» Data excerpt
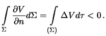 Mы пришли к противоречию: вследствие минимума внутри малой сферы, нормальная производная на поверхности этой сферы будет положительной, следовательно и приведенные выше интегралы будут положительны, что противоречит сделанному выше выводу. Таким образом, теорему можно считать доказанной.
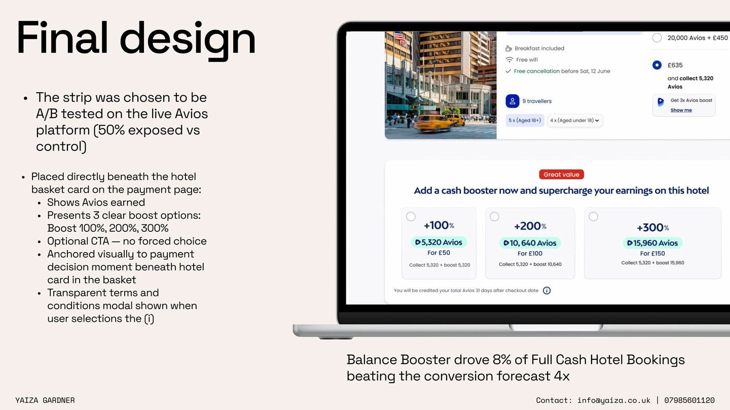 I also designed clear UX solutions for API-driven inventory, complex pricing solutions from partners such as Expedia, Avis and Viator, designing for commercial optimisation and growth.
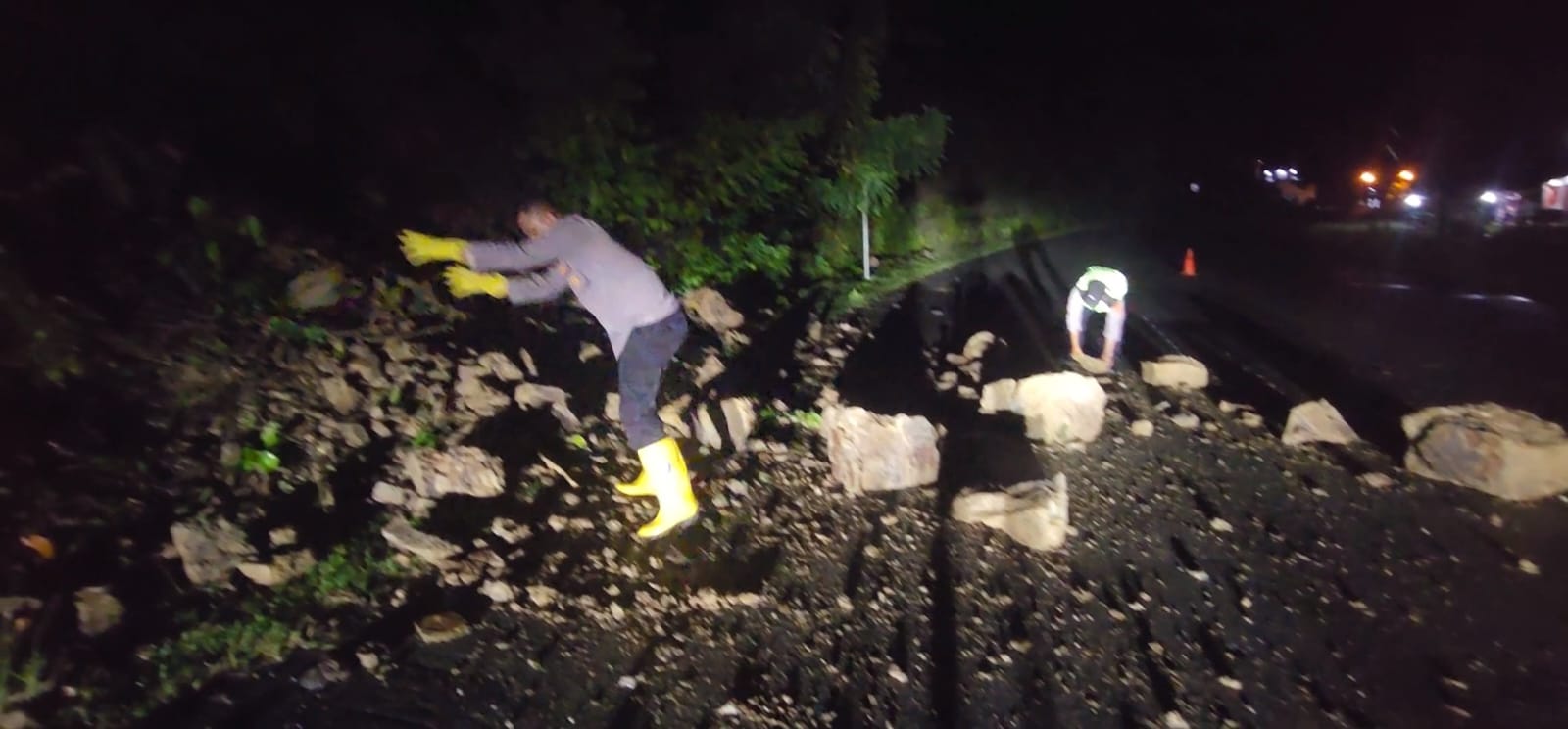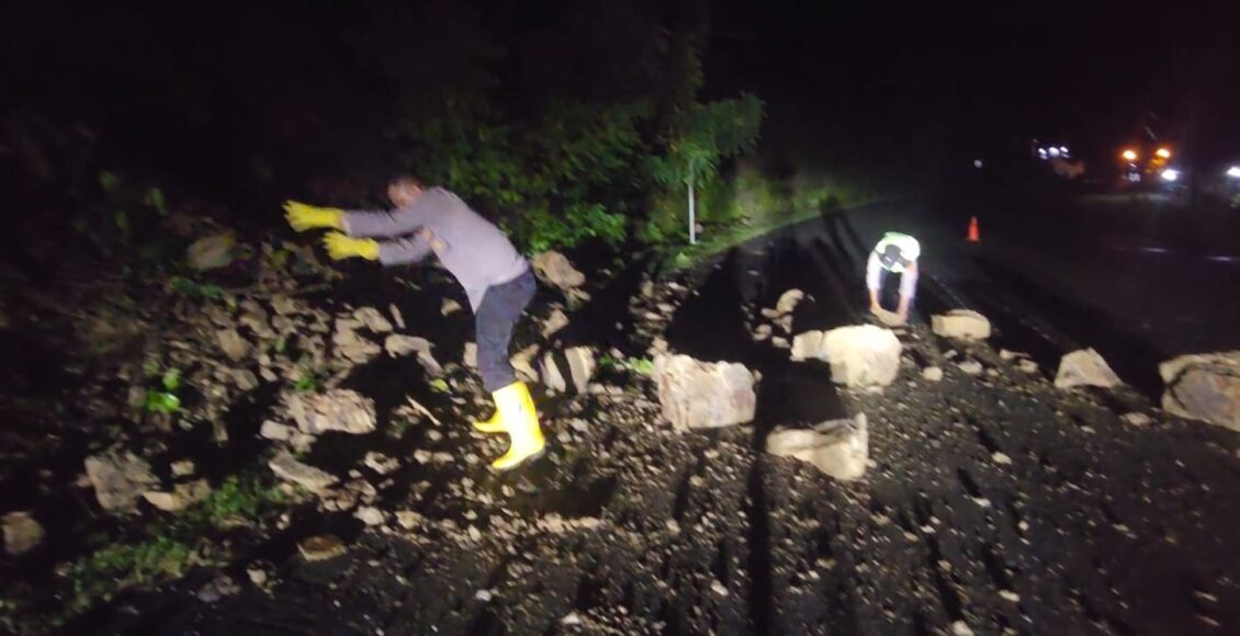“Personel Polsek Jaya di bawah pimpinan Kapolsek Jaya Ipda Yuniadi, S.E langsung bertindak dengan membersihkan material batu gunung di badan jalan secara manual,” ungkapnya.
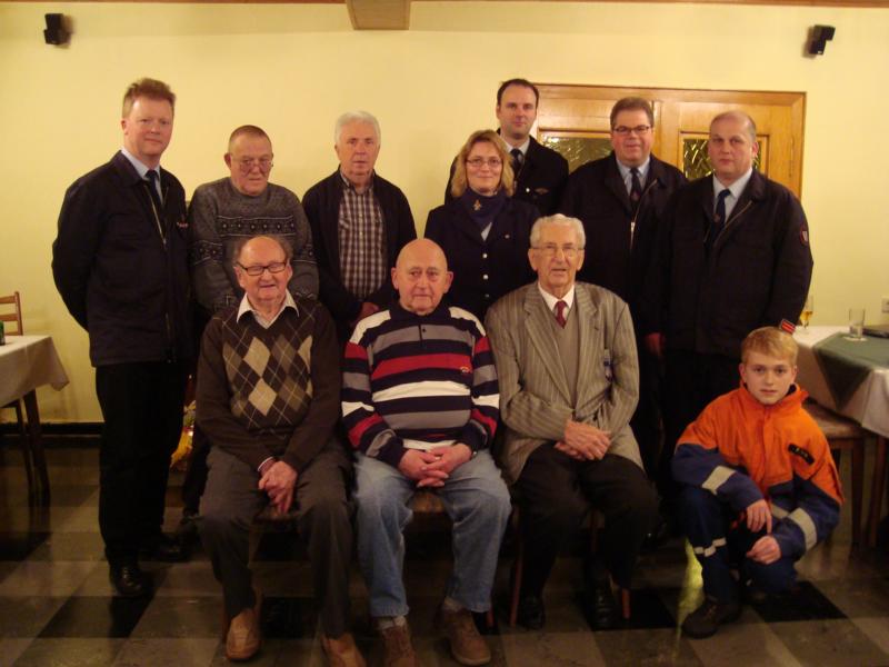 Anwesende Geehrte Von links hinten: Jürgen Pape (1. Vorsitzender), Werner Schiwatsch, Helmut Reins, Stefanie Feyk, Bernd Peschmann, Dirk Schlimme, Andreas Schlimme (Stellvertretender Wehrführer) Von links vorne: Erich Bodenhausen, Hermann Schulte, Fritz Don, Fabian Feyk |

» Exercise description
Leaving every picture out, write out exactly the lines from the one that holds "Polsek Jaya di" through the end of the listing, both included.

» Task answer
“Personel Polsek Jaya di bawah pimpinan Kapolsek Jaya Ipda Yuniadi, S.E langsung bertindak dengan membersihkan material batu gunung di badan jalan secara manual,” ungkapnya.
 Anwesende Geehrte Von links hinten: Jürgen Pape (1. Vorsitzender), Werner Schiwatsch, Helmut Reins, Stefanie Feyk, Bernd Peschmann, Dirk Schlimme, Andreas Schlimme (Stellvertretender Wehrführer) Von links vorne: Erich Bodenhausen, Hermann Schulte, Fritz Don, Fabian Feyk |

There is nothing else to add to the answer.